Dear Editor:

Private corporations now dominate our planet. Already 55 of the top 100 world economies are corporations, and they all want more. Has this rise of private corporate power done the world good?

Oddly, throughout the world, countries which harbour this fabulous private wealth are all broke. Privatization is a parasite that bankrupts its host country.

Yet privatizing all of Canadas resources is exactly what Harper and Christy Clark are up to.

Parks Canada, BC Hydro, Jumbo Glacier, BC Ferries, our roads, our water, our vast natural resources, are now all either private or public-private partnerships or under review.

Has this been good? No. These once-healthy publicly owned companies are now all on life-support. The real loser, once again, are the tax and rate payers who now prop up these failed public-to-private conversions.
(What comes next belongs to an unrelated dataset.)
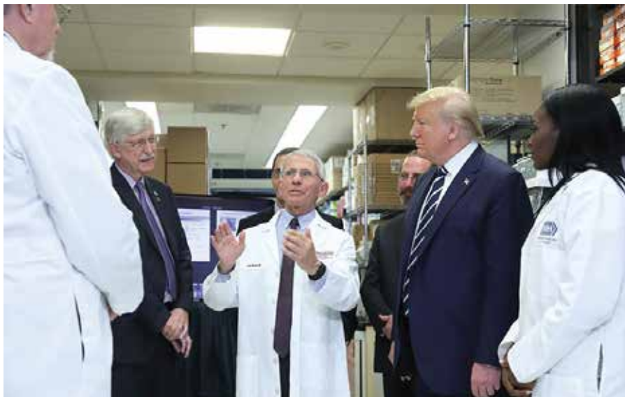
Præsident Donald J. Trump besøger Viral Pathogenesis Laboratory på National Institutes of Health i Bethesda, Maryland, tirsdag den 3. marts 2020.

International gangs of deregulated private banks and corporations caused the 2008 economic collapse. The working man had nothing to do with it. Yet globally, taxpayers dished out $10 trillion just to cover gambling debts of private banks. Canadian banks alone got $114 billion; GM and Chrysler Canada got $14 billion. What did average Canadians get? They get to work two years longer, and have lost more social programs.
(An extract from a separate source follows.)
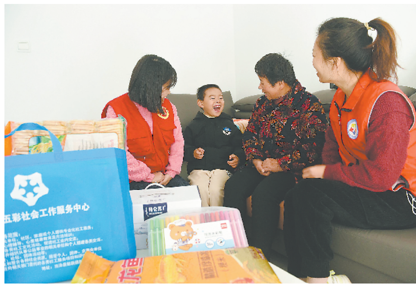
11月28日,马鞍山市民政局、当涂县残联、当涂县五彩社会工作服务中心党支部联合开展“关爱残疾儿童 入户送上温暖”活动,党员志愿者们来到残疾儿童家庭,与残疾儿童互动交流,并送上慰问品。

Corporate salaries today are up to 300 times that of average Canadians. This manufactured social inequality always leads to unrest and violence. The international private oil cartels backed by the US military-industrial gang of goons are the scum behind all the worlds conflicts. Worldwide these assassins fix elections, overthrow governments, install puppet regimes, then make off with its resources. The people are left abandoned, destitute and enslaved.

Now these thugs are in Canada. Harpers rockbottom 15 per cent corporate tax-rate and gutted environment laws invites them in. In Stephen Harper, corporate profiteers have found a pawn, a wannabe American, willing to sell off Canada, its resources and its culture, for personal gain, ego, and ideology. Weve been had.